For efficient data collection, each sentence was separated by a sentence separator library (Kiwi Python wrapper; https://github.com/bab2min/kiwipiepy), and as a result, 637,401 samples were collected.

Image Data

Image data was generated with TextRecognitionDataGenerator (https://github.com/Belval/TextRecognitionDataGenerator) introduced in the TrOCR paper. Below is a code snippet for generating images.

python3 ./trdg/run.py -i ocr_dataset_poc.txt -w 5 -t {num_cores} -f 64 -l ko -c {num_samples} -na 2 --output_dir {dataset_dir}

Training

Base model

The encoder model used facebook/deit-base-distilled-patch16-384 and the decoder model used klue/roberta-base. It is easier than training by starting weights from microsoft/trocr-base-stage1.

Parameters

We used heuristic parameters without separate hyperparameter tuning.

  • learning_rate = 4e-5
  • epochs = 25
  • fp16 = True
  • max_length = 64

Usage

inference.py

from transformers import TrOCRProcessor, VisionEncoderDecoderModel, AutoTokenizer
import requests 
from io import BytesIO
from PIL import Image

processor = TrOCRProcessor.from_pretrained("microsoft/trocr-base-handwritten") 
model = VisionEncoderDecoderModel.from_pretrained("daekeun-ml/ko-trocr-base-nsmc-news-chatbot")
tokenizer = AutoTokenizer.from_pretrained("daekeun-ml/ko-trocr-base-nsmc-news-chatbot")

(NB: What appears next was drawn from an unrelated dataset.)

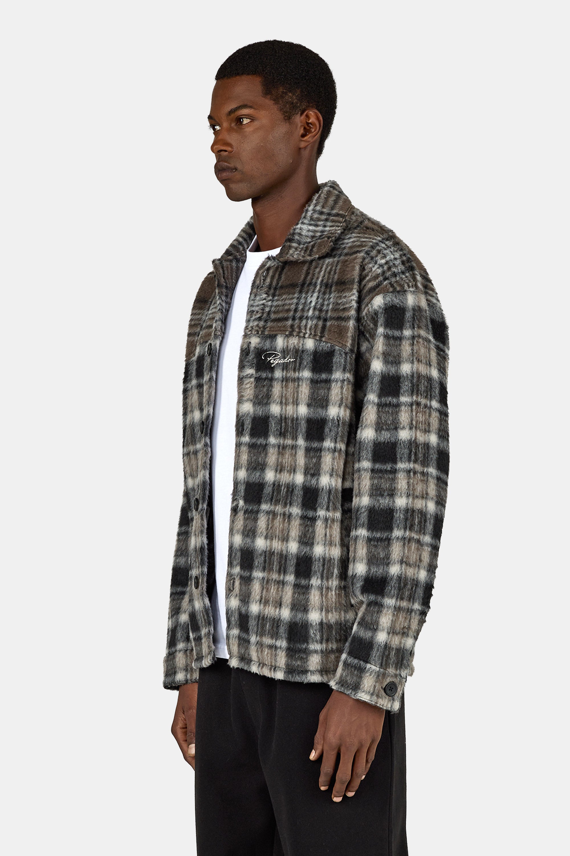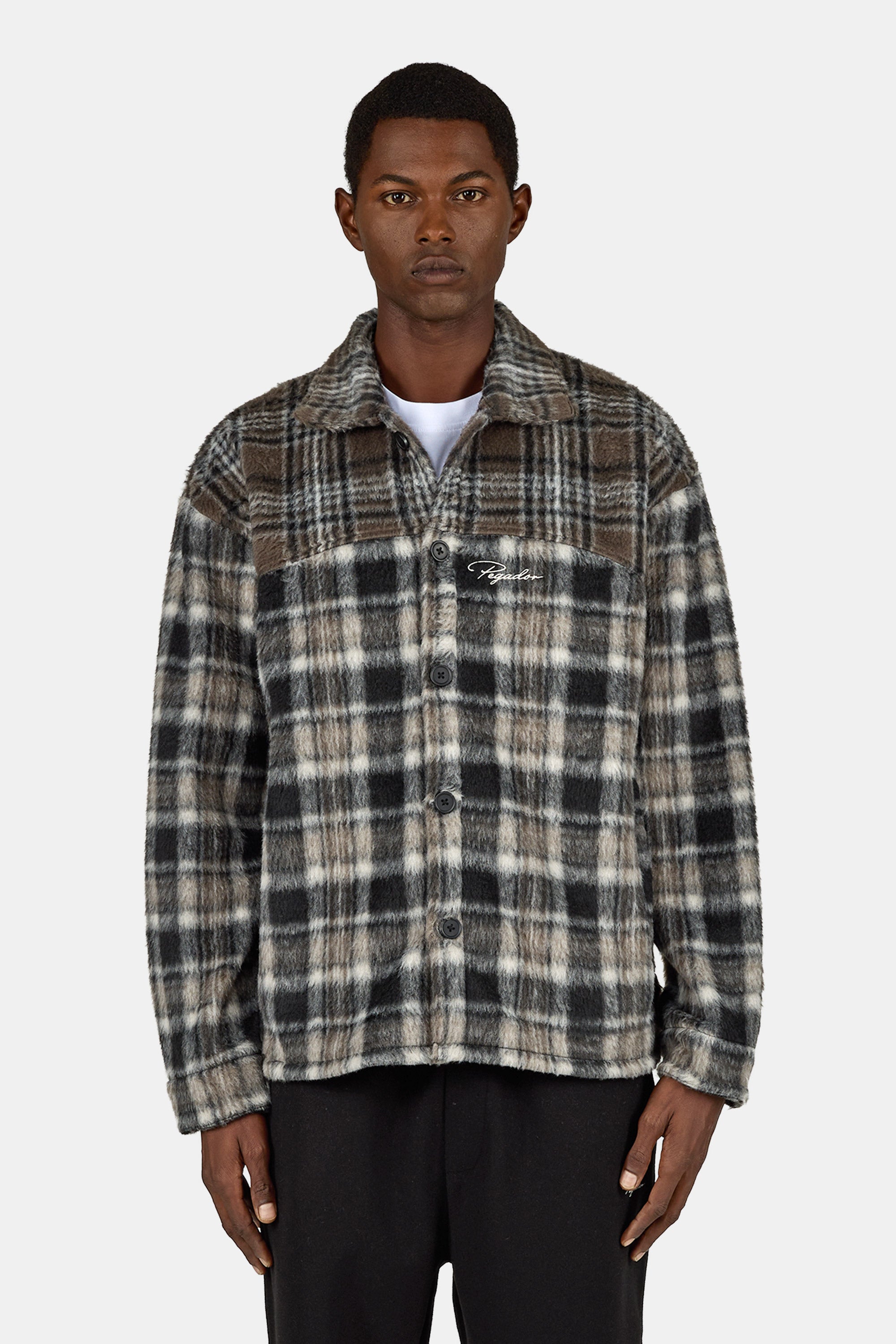 - checked black walnut brown flannel shirt

url = "https://raw.githubusercontent.com/aws-samples/sm-kornlp/main/trocr/sample_imgs/news_1.jpg"
response = requests.get(url)
img = Image.open(BytesIO(response.content))

pixel_values = processor(img, return_tensors="pt").pixel_values 
generated_ids = model.generate(pixel_values, max_length=64)
generated_text = tokenizer.batch_decode(generated_ids, skip_special_tokens=True)[0] 
print(generated_text)

All the code required for data collection and model training has been published on the author's Github.